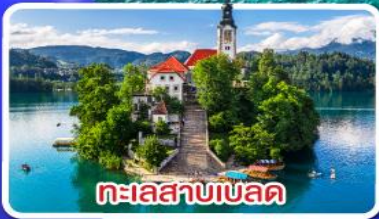
ทะเลสาบเบล็ด

ไข่มุกแห่งอาเดรียติก พร้อมขึ้นกระเช้า SRD
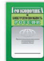
3. Геоэкономика и конкурентоспособность России, Москва, 2010.
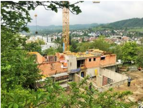
<? echo $medium['bezeichnung']; ?>
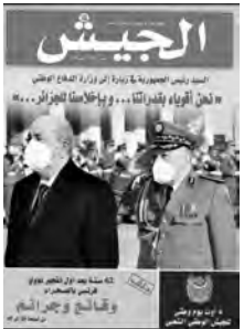
الجنرال عبد القادر بن صالح، قائد الجيش الوطني الشعبي، يترأس جلسة استماع في مقر وزارة الدفاع

اتخذته رئيس الجمهورية، القائد الأعلى للقوات المسلحة، وزير الدفاع الوطني السيد عبد المجيد تبون، لدى زيارته الأخيرة إلى مقر وزارة الدفاع الوطني بترسيم 4 أوت من كل سنة يومًا للجيش الوطني الشعبي، يعتبر "عشرنا من الأمة للمكانة التي يتبوّؤها جيش هو بحق سليل جيش التحرير الوطني، وبالنظر كذلك للإنجازات التي حققها جيشنا الوطني الشعبي منذ زهاء ستين سنة خلت على أصعدة عدة خدمة للجزائر، وفي المقام الأول ما تعلق بالدفاع عن حدودنا المديدة وأمن واستقرار بلادنا".
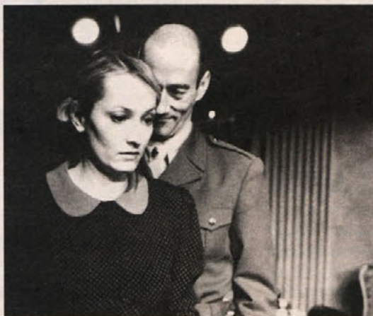
Na čigavi strani: slike z vaj (Mestno gledališče Ljubljansko)
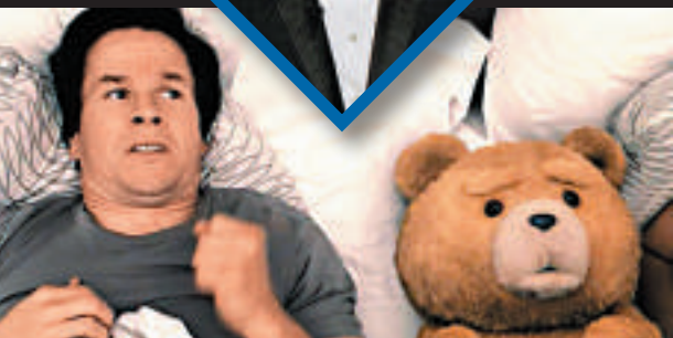
▲麥費蘭一鳴驚人之作《賤熊30》
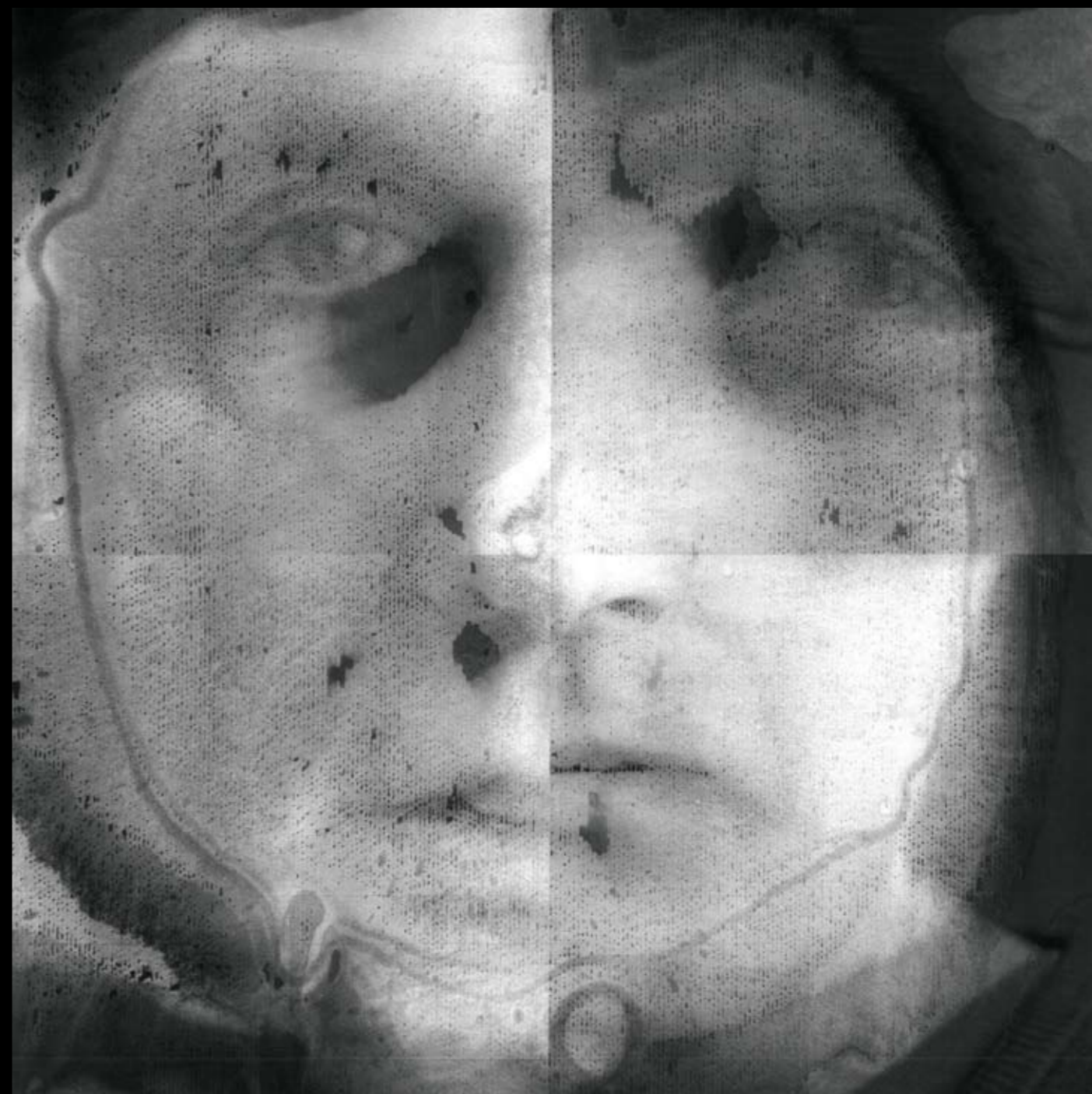
NIEMOC z cyklu ALIENACJA , 2021, technika mieszana POWERLESSNESS from the cycle ALIENATION , 2021, mixed technique
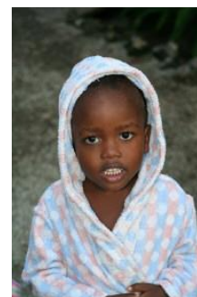
Amaton März 2007
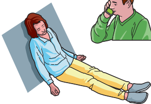
ou position assise si difficulté respiratoire
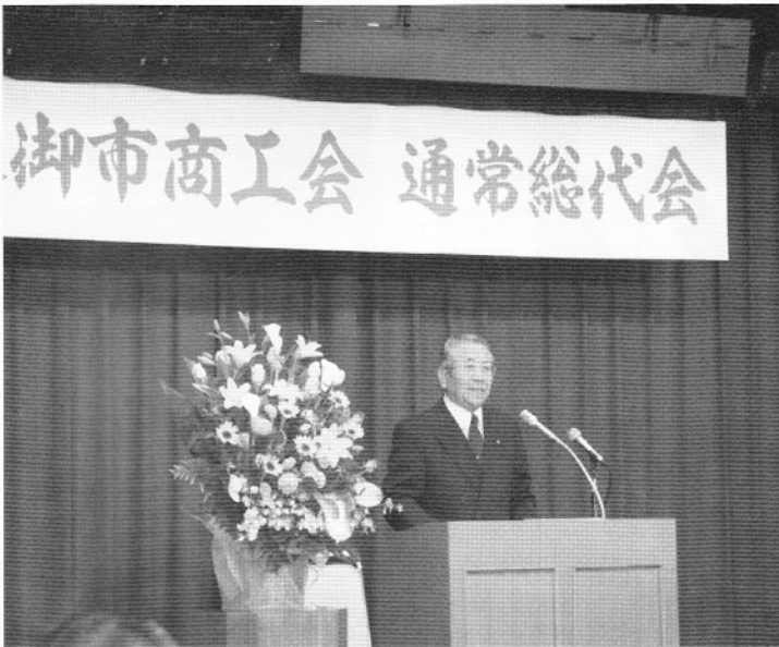
▲あいさつする柳橋商工会長
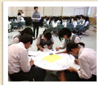
講演の後のグループディスカッション
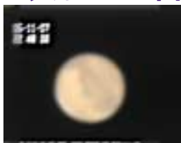
なゆた望遠鏡で見た火星

最近気温も下がり夜の星空を見るのがつらい時期になってきました。しかし、冬の星空には明るい星たちが多くあります。さらに最近日没後すぐ南西の空に金星が宵の明星として見え、東の空高くには火星があつたりと明るい惑星も楽しめます。
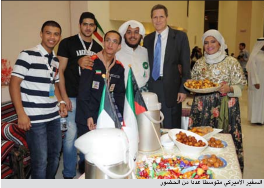
السفير الأمريكي متوسطا عددا من الحضور
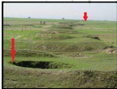
تصویر ۲. بخشی از سیستم آبیاری ارجان (ر.ک. نگارندگان)
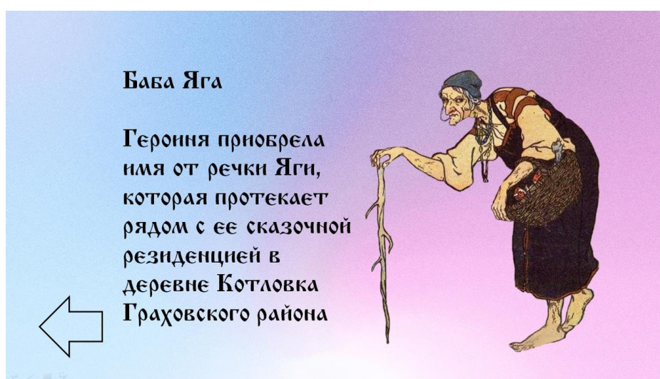
Рис. 3. Слайд с ответом на вопрос: категория «Герои», цена 10
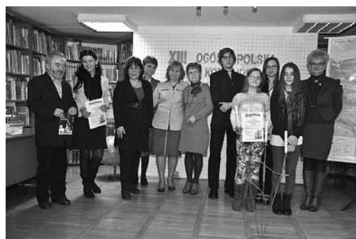
Finałiści i jurorzy konkursu
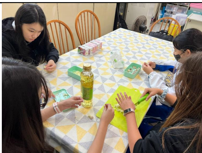
家長會與學務處同仁共同協助食農教育過程
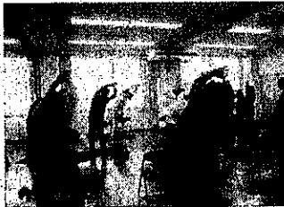
介護予防普及啓発事業 骨盤体操ヨガ
※ ※ ※
### How to complete this task:
Filter the entries above and copy only the lines that hold "الشعبي".

### Response to the exercise:
الجنرال عبد القادر بن صالح، قائد الجيش الوطني الشعبي، يترأس جلسة استماع في مقر وزارة الدفاع
اتخذته رئيس الجمهورية، القائد الأعلى للقوات المسلحة، وزير الدفاع الوطني السيد عبد المجيد تبون، لدى زيارته الأخيرة إلى مقر وزارة الدفاع الوطني بترسيم 4 أوت من كل سنة يومًا للجيش الوطني الشعبي، يعتبر "عشرنا من الأمة للمكانة التي يتبوّؤها جيش هو بحق سليل جيش التحرير الوطني، وبالنظر كذلك للإنجازات التي حققها جيشنا الوطني الشعبي منذ زهاء ستين سنة خلت على أصعدة عدة خدمة للجزائر، وفي المقام الأول ما تعلق بالدفاع عن حدودنا المديدة وأمن واستقرار بلادنا".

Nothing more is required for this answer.